Note: this is an xCAT design document, not an xCAT user document. If you are an xCAT user, you are welcome to glean information from this design, but be aware that it may not have complete or up to date procedures.
This design is replaced with [Multiple_Zone_Support]
Two new customer requirements are covered by this design.
The first requirement is to be able to take an xCAT Cluster managed by one xCAT Management Node and divide it into multiple subclusters. The nodes in each subcluster will share common ssh keys and root password. This allows the nodes in a subcluster to be able to ssh to each other without password, but cannot do the same to any node in another subcluster.
Note:We are calling these subclusters, because they share a common xCAT Management Node and database including the site table which defines the attributes of the entire cluster.
The second requirement is for mkvlan enhancements (TBD).
The multiple subcluster support requires several enhancements to xCAT.
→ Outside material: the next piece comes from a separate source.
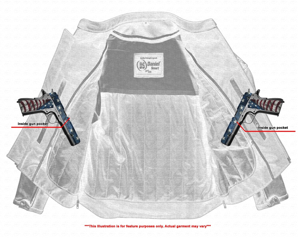 2 inside concealed gun pockets made of special heavy duty textile with built-in holsters and snap closure.

Currently xCAT changes root ssh keys on the service nodes (SN) and compute nodes (CN) that are generated at install time to the root ssh keys from the Management node. It also changes the ssh hostkeys on the SN and CN to a set of pre-generated hostkeys from the MN. Putting the public key in the authorized-keys file on the service nodes and compute nodes allows passwordless ssh to the Service Nodes (SN) and the compute nodes from the Management Node (MN). This setup also allowed for passwordless ssh between all compute nodes and servicenodes. The pre-generated hostkey makes all nodes look like the same to ssh, so you are never prompted for updates to known_hosts
Having subclusters that cannot passwordless ssh to nodes in other subclusters requires xCAT to generate a set of root ssh keys for each subcluster and install them on the compute nodes in that subcluster. In addition the MN public key must still be put in the authorized_keys file on the nodes in the non-hierarchical cluster or the SN public key for hierarchical support.
Question: How about the common ssh hostkeys? Should we generate a set of those for each subcluster?
We will still use the MN root ssh keys on any service nodes. Service Nodes would not be allowed to be a member of a subcluster.
Currently xCAT puts the root password on the node only during install. It is taken from the passwd table where key=system. The new subcluster support requires a unique password for each subcluster to be installed.
To support multiple subclusters we have the proposed changes:
A new table Cluster will be created.
key:subcluster name
password - root password for this subcluster
sshkeydir - directory containing root ssh RSA keys.
For this implementation we are proposing we can make a subcluster, remove a subcluster, but not be able to move nodes from one subcluster to another. I think this is very complex and out of the scope of being supported in 2.8.4. This can be debated.
mksubcluster will be used to do the following:
mksubcluster will have the following interface:
mksubcluster <noderange> -n <subclustername> [-k <full path to the ssh private key>]
Note: The command will prompt for the subcluster root password or take env variable containing password.
It will do the following:
For each node in the noderange it will add to the nodelist.groups attribute, a new group by the subclustername.
If a ssh private key is supplied (-k), it will generate the ssh public key and store both in /etc/xcat/sshkeys/<subclustername> directory.
If no (-k) then it will generate a set of root ssh keys for the cluster and store them in /etc/xcat/sshkeys/<subclustername>
It will create a cluster.password table entry with the key=subclustername, password the input root password and the cluster.sshkeydir attribute with the directory name containing the keys /etc/xcat/sshkeys/<subclustername>.
rmsubcluster -n <subclustername>
rmsubcluster will be used to do the following:
chsubcluster -n <subclustername> [-p] [-k <full path to the ssh private key>] [-K] [-a <noderange> [-r <noderange>]
Note: if using the -p flag will prompt for password or take env variable containing password.
chsubcluster will be used to do the following:
This support affects several existing xCAT components:
Some of the issues discussed:
If a node is not defined in a subcluster, root ssh keys and passwords must work as today. This makes sure that a xCAT upgrade does not disrupt an existing xCAT cluster.
Would like to have all customers using a generated root ssh key even if not using subclusters. If the node is not defined in a subcluster, then the key would be generated and stored in /etc/xcat/sshkeys/xcat(maybe system). How could we migrate current customers without disruption.
We would need maybe a new document on setting this type of cluster up and managing it. Hierarchy adds even more complexity.
Needed mkvlan enhancements (TBD). But here a come comments about current support.
Currently it only supports Cisco and some modules of BNT switches (EN4093,G8000,G8124,G8264, 8264E). To support more BNT modules, we need to update the OID table because each BNT modules uses different OIDs for the same function (a very bad design by BNT). And to support other switch vendors like Juniper, a significant code change needs to be done because currently Juniper does not support vlan function through SNMP interface. We have to use its own libraries to have it done. This needs framework change in our vlan code.